Ha aggiunto che: sarebbe esclusa in base alla documentazione prodotta tempestivamente la possibilità di ricostruire il saldo sulla scorta dei principi elaborati dalla Corte suprema per l'ipotesi in cui la carenza riguardi il periodo intermedio del rapporto perché nel caso in esame riguarderebbe invece il periodo finale;
era stata ritenuta tuttavia ammissibile la documentazione prodotta dalla banca oltre il termine, valorizzando la circostanza che la società opponente rispetto alla documentazione contabile avesse avanzato un'espressa richiesta di ordine di esibizione di tal che ciò avrebbe legittimato la produzione tardiva della documentazione da parte dell'attrice
(sostanziale); l'art. 119, comma 4, t.u.b., non sarebbe una norma sull'onere della prova, bensì una disposizione dettata per lo scopo della trasparenza bancaria da cui non sarebbe lecito desumere che il legislatore abbia inteso consentire al cliente di richiedere al Giudice, senza limite alcuno e anche a prescindere da una preventiva richiesta alla banca, la consegna degli estratti conto a lite pendente;
il cliente potrebbe chiedere direttamente alla banca la consegna degli estratti conto dell'ultimo decennio e una volta inoltrata la richiesta la banca sarebbe obbligata ad effettuare la consegna entro il termine previsto, norma che non impatterebbe né sul riparto degli oneri probatori, né sulla disciplina processuale applicabile;
in caso di inadempimento da parte della banca il cliente avrebbe a disposizione diverse strade ed una di queste sarebbe l'istanza di esibizione di cui all'art. 210 c.p.c.; non sarebbe consentito al c.t.u. di sostituirsi alla parte andando a ricercare aliunde i dati che devono essere oggetto di riscontro da parte sua, che costituiscono materia di onere di allegazione e di prova, in quanto in questo modo il Giudice verrebbe 4
a supplire al carente espletamento dell'onere probatorio, in violazione sia dell'art. 2697
c.c., che del principio del contraddittorio;
anche allorché, in casi determinati, al consulente è permesso acquisire, previo consenso di tutte le parti, i documenti non prodotti dalle stesse, ove siano necessari per portare a termine l'indagine richiesta e per verificare sul piano tecnico se le affermazioni delle parti siano o meno corrette,
l'ammissibilità della produzione tardiva riguarderebbe soltanto documenti accessori, cioè utili a consentire una risposta più esauriente ed approfondita al quesito posto dal
Giudice e non fatti posti a fondamento della domanda;
la documentazione prodotta dalla banca in sede di consulenza, non autorizzata dal Giudice che non aveva accolto l'istanza di esibizione, e non concernendo elementi accessori, non poteva essere utilizzata al fin del decidere e determinerebbe anche la nullità dell'elaborato.

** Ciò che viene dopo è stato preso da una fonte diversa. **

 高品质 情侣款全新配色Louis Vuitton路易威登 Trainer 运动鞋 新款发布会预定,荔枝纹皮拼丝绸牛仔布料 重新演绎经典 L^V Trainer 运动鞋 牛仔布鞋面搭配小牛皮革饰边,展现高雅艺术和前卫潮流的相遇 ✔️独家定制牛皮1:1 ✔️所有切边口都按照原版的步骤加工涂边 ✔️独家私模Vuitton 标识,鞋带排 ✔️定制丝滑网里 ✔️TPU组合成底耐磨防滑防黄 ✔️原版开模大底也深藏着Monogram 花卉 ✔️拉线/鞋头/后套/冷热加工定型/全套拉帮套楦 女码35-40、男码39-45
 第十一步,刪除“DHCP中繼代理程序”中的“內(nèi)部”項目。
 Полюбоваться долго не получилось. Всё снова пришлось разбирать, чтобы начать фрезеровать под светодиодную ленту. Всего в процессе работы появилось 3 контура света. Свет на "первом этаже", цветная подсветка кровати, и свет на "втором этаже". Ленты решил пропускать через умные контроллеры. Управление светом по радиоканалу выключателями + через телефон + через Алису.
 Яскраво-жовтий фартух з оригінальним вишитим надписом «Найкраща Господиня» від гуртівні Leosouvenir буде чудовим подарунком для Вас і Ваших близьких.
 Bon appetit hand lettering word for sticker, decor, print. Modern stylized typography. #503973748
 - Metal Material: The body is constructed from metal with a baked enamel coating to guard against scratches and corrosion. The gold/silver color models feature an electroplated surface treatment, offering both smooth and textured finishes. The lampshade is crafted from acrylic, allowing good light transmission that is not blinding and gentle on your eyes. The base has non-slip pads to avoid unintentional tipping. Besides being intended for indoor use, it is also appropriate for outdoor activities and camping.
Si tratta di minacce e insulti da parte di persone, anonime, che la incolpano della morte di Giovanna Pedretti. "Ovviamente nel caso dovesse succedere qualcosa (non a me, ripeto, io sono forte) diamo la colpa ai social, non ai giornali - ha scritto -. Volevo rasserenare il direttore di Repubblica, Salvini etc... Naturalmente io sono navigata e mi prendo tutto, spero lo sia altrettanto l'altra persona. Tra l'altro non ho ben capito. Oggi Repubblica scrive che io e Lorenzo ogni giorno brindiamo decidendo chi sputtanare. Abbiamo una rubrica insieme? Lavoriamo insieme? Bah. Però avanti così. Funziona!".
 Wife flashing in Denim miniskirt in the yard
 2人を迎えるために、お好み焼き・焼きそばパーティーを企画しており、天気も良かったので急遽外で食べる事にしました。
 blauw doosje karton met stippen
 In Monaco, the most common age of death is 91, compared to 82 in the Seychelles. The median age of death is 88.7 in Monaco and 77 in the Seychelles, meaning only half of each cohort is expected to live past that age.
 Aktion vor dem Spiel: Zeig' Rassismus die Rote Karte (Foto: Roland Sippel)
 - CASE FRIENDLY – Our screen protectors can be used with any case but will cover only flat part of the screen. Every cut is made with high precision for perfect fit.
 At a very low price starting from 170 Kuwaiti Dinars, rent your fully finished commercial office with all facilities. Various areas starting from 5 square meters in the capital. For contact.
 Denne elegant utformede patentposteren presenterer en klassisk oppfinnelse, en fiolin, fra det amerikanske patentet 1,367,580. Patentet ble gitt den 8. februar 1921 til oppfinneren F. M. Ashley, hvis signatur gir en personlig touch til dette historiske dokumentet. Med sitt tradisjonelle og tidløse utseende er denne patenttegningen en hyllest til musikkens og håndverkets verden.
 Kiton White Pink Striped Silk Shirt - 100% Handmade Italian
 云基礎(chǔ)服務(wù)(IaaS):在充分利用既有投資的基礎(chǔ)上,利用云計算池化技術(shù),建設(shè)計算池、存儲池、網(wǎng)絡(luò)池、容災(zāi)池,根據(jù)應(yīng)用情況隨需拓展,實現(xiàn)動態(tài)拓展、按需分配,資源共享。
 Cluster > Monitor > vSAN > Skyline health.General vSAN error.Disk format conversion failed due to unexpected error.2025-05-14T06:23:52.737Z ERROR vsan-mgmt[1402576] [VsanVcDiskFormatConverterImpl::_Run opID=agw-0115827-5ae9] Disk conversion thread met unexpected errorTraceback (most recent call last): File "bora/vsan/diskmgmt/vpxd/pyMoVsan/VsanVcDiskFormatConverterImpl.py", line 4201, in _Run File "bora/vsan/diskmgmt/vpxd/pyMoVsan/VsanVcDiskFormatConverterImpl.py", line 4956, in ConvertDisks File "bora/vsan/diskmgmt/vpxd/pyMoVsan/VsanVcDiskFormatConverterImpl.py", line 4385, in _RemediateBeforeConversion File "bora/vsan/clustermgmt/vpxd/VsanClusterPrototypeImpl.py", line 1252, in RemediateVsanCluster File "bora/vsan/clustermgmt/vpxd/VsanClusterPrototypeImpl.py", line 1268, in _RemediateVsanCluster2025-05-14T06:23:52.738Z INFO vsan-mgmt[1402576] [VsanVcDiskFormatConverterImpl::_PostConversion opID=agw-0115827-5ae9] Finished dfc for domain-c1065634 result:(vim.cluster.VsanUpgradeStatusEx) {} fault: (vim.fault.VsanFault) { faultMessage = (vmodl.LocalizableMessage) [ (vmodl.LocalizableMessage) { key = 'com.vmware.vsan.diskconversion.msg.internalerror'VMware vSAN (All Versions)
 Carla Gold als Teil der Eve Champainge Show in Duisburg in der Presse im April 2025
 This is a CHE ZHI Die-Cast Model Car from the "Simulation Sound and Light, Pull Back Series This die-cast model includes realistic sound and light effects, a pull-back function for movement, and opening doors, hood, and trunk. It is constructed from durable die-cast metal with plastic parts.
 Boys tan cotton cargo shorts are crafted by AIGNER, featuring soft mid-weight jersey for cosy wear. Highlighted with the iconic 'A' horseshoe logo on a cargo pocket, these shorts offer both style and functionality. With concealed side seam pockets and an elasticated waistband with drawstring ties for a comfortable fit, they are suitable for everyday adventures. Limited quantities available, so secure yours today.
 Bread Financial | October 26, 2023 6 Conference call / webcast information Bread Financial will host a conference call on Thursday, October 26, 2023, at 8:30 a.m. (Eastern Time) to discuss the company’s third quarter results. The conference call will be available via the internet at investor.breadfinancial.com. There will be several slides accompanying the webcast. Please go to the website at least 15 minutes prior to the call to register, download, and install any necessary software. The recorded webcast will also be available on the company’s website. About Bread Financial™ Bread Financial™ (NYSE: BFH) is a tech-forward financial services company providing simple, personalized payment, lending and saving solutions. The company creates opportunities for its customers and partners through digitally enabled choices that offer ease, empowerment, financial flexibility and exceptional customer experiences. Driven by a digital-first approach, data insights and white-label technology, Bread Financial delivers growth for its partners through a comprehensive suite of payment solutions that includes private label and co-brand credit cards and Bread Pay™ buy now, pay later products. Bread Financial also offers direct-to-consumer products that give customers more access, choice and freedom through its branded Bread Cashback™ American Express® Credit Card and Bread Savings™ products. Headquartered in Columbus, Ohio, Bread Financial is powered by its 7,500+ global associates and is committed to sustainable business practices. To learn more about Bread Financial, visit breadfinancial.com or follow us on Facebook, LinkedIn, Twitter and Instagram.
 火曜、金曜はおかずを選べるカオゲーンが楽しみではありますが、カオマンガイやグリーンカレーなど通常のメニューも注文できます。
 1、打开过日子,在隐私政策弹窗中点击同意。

Si è costituita la chiedendo il rigetto dell'appello. CP_4
Ha dedotto che: l'appellante con l'atto di opposizione aveva eccepito unicamente il mancato deposito degli estratti storici (dall'apertura del conto) lamentando soltanto che quelli depositati in sede monitoria si riferivano ad un periodo temporale limitato e che, stando all'estratto conto del 30.6.2012, il saldo finale risultava essere di € 244.401,53 senza muovere eccezioni in relazione ai docc. 2,3,4, e 5 depositati in sede monitoria, di cui era stata riconosciuta esistenza e contenuto;
l'appellante non contesterebbe l'an del rapporto garantito, né la sorte capitale, né la garanzia fideiussoria (avendo rinunziato in appello a riproporre il profilo di cui all'art. 1956 c.c.), ma solo gli addebiti per interessi avendo rinunciato in appello pure alle eccezioni di superamento del tasso-soglia, di illegittimità della c.m.s. e della capitalizzazione degli interessi non avendole riproposte.
Ha precisato: di avere depositato tempestivamente: a) il saldo debitore e l'andamento del c/c n. 177 dal 2.12.2005 (apertura del conto) sino al 30.6.2011 (doc. 9 della comparsa di costituzione, recante tutti gli estratti trimestrali storici certificati ex art.50
t.u.b.); b) il saldo debitore e l'andamento del c/c n. 177 dall'1.7.2011 sino al 30.6.2012 (doc.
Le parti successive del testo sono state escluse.